Dept of Medicine, Division of Pulmonary and Critical Care Medicine, University of Washington, Seattle, WA, USA
Lung Transplant Program, Inova Fairfax Hospital, Falls Church, VA, USA.
Eur Respir J. 2015 Nov;46(5):1370-7. doi: 10.1183/13993003.01537-2014. Epub 2015 Aug 6.
The clinical course of pulmonary hypertension (PH) in idiopathic pulmonary fibrosis (IPF) is not known except in advanced disease.488 subjects in a placebo-controlled study of ambrisentan in IPF with mild-moderate restriction in lung volume, underwent right heart catheterisation (RHC) at baseline and 117 subjects (24%) had repeated haemodynamic measurements at 48 weeks. The subjects were categorised into a) World Health Organization (WHO) Group 3 PH (PH associated with pulmonary disease), n=68 (14%); b) WHO Group 2 PH (PH associated with left-sided cardiac disease), n=25 (5%); c) no PH but elevated pulmonary artery wedge pressure (PAWP), n=21 (4%); and d) no PH but without elevation of PAWP, n=374 (77%). The WHO Group 3 PH subjects had a lower diffusion capacity, 6MWD and oxygen saturation compared to the subjects with no PH. There was no significant change in mean pulmonary arterial pressure with ambrisenten or placebo after 12 months. Subjects with IPF associated with WHO Group 3 PH had impaired gas exchange and exercise capacity compared to patients without PH. An additional 9% of the subjects had haemodynamic evidence of subclinical left-ventricular dysfunction. Pulmonary artery pressures remained stable over 1 year in the majority of the cohort.

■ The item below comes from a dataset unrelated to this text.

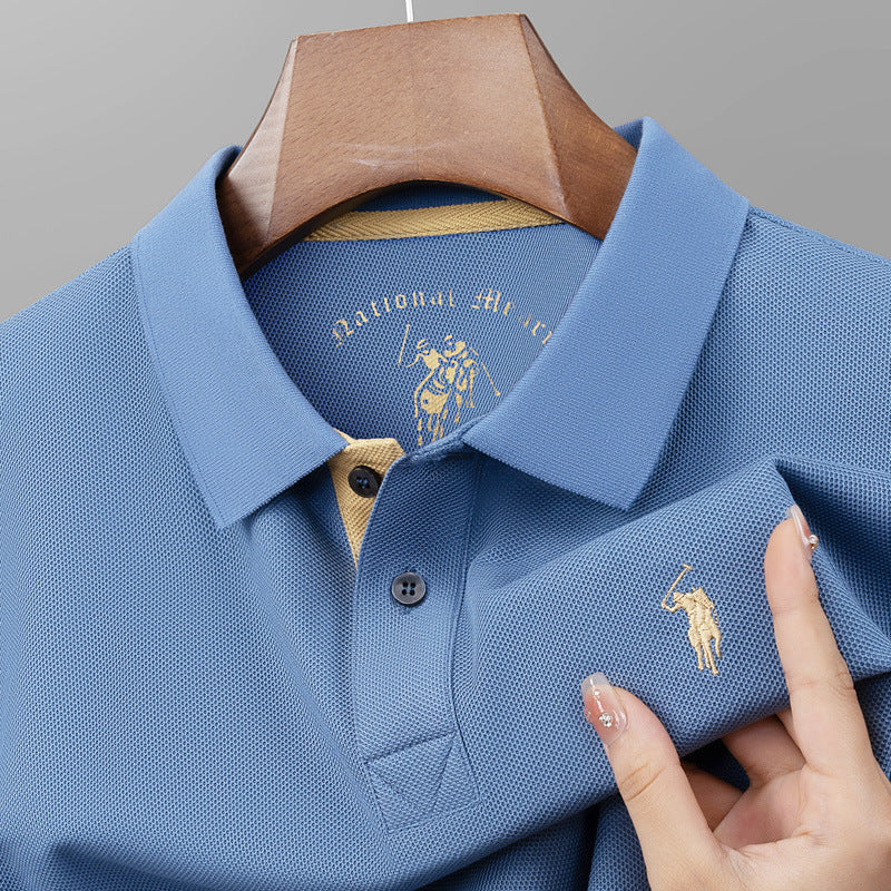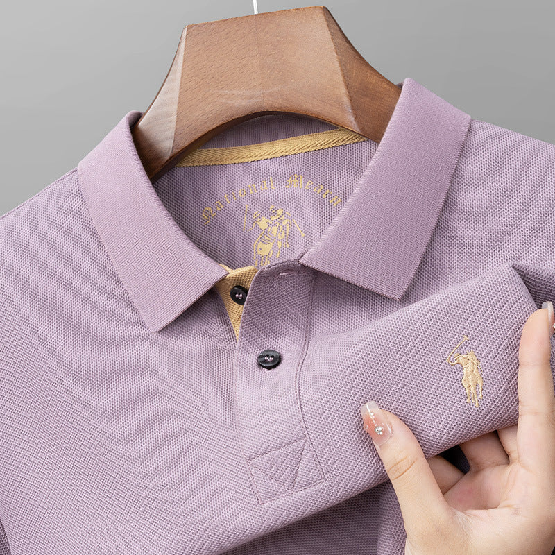 Polo homme en coton mercerisé manches courtes, col à revers, qualité premium

特发性肺纤维化(IPF)患者的肺动脉高压(PH)临床病程除了在疾病晚期外并不明确。488 名在特发性肺纤维化中接受安立生坦安慰剂对照研究的受试者在基线和 48 周时接受了右心导管检查(RHC),其中 117 名受试者(24%)进行了重复血流动力学测量。这些受试者被分为 a)世界卫生组织(WHO)第 3 组 PH(与肺部疾病相关的 PH),n=68(14%);b)WHO 第 2 组 PH(与左心疾病相关的 PH),n=25(5%);c)无 PH 但肺动脉楔压升高(PAWP),n=21(4%);和 d)无 PH 但无 PAWP 升高,n=374(77%)。与无 PH 的受试者相比,WHO 第 3 组 PH 受试者的弥散能力、6MWD 和氧饱和度较低。使用安立生坦或安慰剂 12 个月后,平均肺动脉压没有明显变化。与无 PH 的患者相比,与 IPF 相关的 WHO 第 3 组 PH 患者的气体交换和运动能力受损。另外 9%的患者有亚临床左心室功能障碍的血流动力学证据。在大多数患者中,肺动脉压在 1 年内保持稳定。